In humans, vascular health is threatened by progressive atherogenesis, responsible for atherosclerosis and subsequent narrowing of vascular lumina. Atherosclerosis is a chronic inflammatory disease which progresses through an interplay of several factors such as: endothelial cell dysfunction, hyperlipidemia, hypertension, diabetes mellitus, smoking, elevated plasma homocysteine concentrations and the hemostatic system. Atherosclerosis is complicated by intravascular thrombosis, initiated by plaque rupture, which can occlude arteries and cause acute ischemic damage. Abnormal platelet function with an increased tendency to aggregate is implicated in the pathogenesis of atherosclerosis and development of superimposed acute ischemic events.
The main objective of this thesis was to evaluate the factors that predict morbidity and mortality in vascular patients and to study one of the modifiable predictors: platelet function. We developed a platelet reactivity test for in depth platelet function research, to analyze its prognostic value and to identify possible targets for improved antiplatelet therapy.
Chapter 1 describes the relation between sex and post peripheral bypass surgery prognosis and shows a relatively bad prognosis for young women with PAD. Chapter 2 focusses on the development and validation of a risk chart for future mortality and ischemic events following peripheral bypass surgery.
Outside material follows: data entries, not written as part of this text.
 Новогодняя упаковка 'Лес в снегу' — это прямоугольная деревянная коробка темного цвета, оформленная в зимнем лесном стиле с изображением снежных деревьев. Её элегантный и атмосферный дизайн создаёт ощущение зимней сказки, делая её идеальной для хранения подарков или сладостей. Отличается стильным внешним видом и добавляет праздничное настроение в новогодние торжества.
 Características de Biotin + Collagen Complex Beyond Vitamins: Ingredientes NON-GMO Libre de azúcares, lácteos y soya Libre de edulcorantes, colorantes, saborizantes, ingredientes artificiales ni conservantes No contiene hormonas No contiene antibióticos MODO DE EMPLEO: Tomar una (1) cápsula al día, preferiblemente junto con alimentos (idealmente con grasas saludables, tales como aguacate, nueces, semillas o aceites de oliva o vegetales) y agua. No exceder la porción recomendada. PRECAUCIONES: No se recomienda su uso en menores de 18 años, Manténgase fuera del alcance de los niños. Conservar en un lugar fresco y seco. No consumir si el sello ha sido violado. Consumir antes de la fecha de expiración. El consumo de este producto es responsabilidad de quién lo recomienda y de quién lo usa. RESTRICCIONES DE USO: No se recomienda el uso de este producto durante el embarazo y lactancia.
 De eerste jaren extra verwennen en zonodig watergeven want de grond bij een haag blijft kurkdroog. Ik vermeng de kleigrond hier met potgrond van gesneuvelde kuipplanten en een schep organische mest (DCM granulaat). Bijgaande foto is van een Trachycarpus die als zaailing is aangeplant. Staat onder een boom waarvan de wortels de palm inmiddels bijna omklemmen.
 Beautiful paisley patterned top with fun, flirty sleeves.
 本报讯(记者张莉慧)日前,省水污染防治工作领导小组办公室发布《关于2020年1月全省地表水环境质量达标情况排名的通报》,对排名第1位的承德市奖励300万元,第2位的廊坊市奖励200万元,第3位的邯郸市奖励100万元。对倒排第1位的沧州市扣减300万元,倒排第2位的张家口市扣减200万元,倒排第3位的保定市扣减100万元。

A meta-analysis on the prognostic value of currently available platelet function tests on future cardiovascular events is described in chapter 3. The platelet activation test (PACT), capable of analyzing major platelet activation pathways and quantifying the different platelet activation results, we developed is described in chapter 4. In chapter 5-8 this PACT is applied to analyze platelet function in patients with atherosclerosis. In contrast to our expectations, we observed lower platelet reactivity in patients with end stage peripheral arterial disease and this effect was stronger in patients with several cardiovascular risk factors. Furthermore patients with unstable coronary arterial disease (CAD) had lower platelet reactivity then patients with stable CAD. (Chapter 6) In contrast, baseline platelet activation was higher in patients with more severe PAD. (Chapter 5)
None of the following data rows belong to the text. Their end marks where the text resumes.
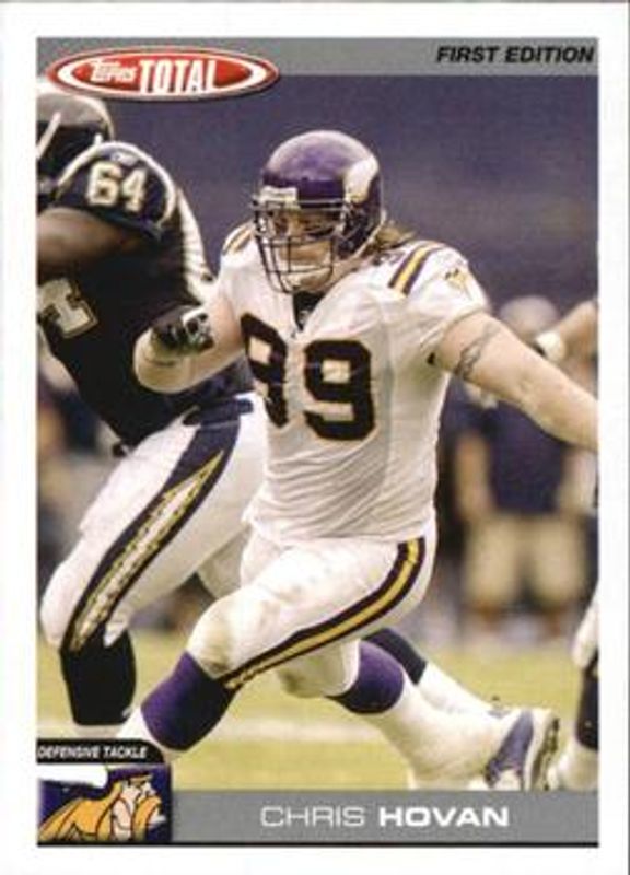 Chris Hovan's Football cards are available in at least 3 sets. Chris Hovan's biggest 7-day price movers are 2004 Topps Total #41 First Edition, 2004 Topps Total #41 Silver, and 2004 Topps Total #41 Base.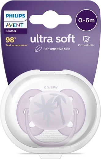 Philips Avent UltraSoft Premium je navržen pro citlivou dětskou pokožku. Jedinečný měkký, pružný a zaoblený kotouč s ventilačními otvory snižuje tlak na tváře a zajišťuje maximální pohodlí. Ortodontický, symetrický silikonový sosák napomáhá zdravému vývoji dásní, zubů a patra a jeho texturovaný povrch připomíná přirozené sání.
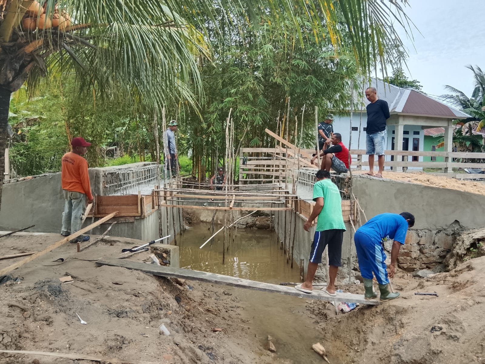 Kolaborasi Satgas TMMD 127 dan Warga Siapkan Pengecoran Jembatan di Sambuli

Chapter 7 describes the difference in platelet reactivity following evening and morning administration of aspirin and suggests that the evening administration of the polypill resulted in lower overall platelet reactivity in the morning then morning administration of the polypill. Chapter 8 describes the rationale and design of the MESCEA study on platelet function and micro embolic signals during carotid endarterectomy. We conclude that platelet function analysis in vascular patients to compose and monitor an antiplatelet therapy regimen consisting of inhibitors of different platelet receptors will be key to achieve an optimal balance between atherothrombosis and hemostasis in the future.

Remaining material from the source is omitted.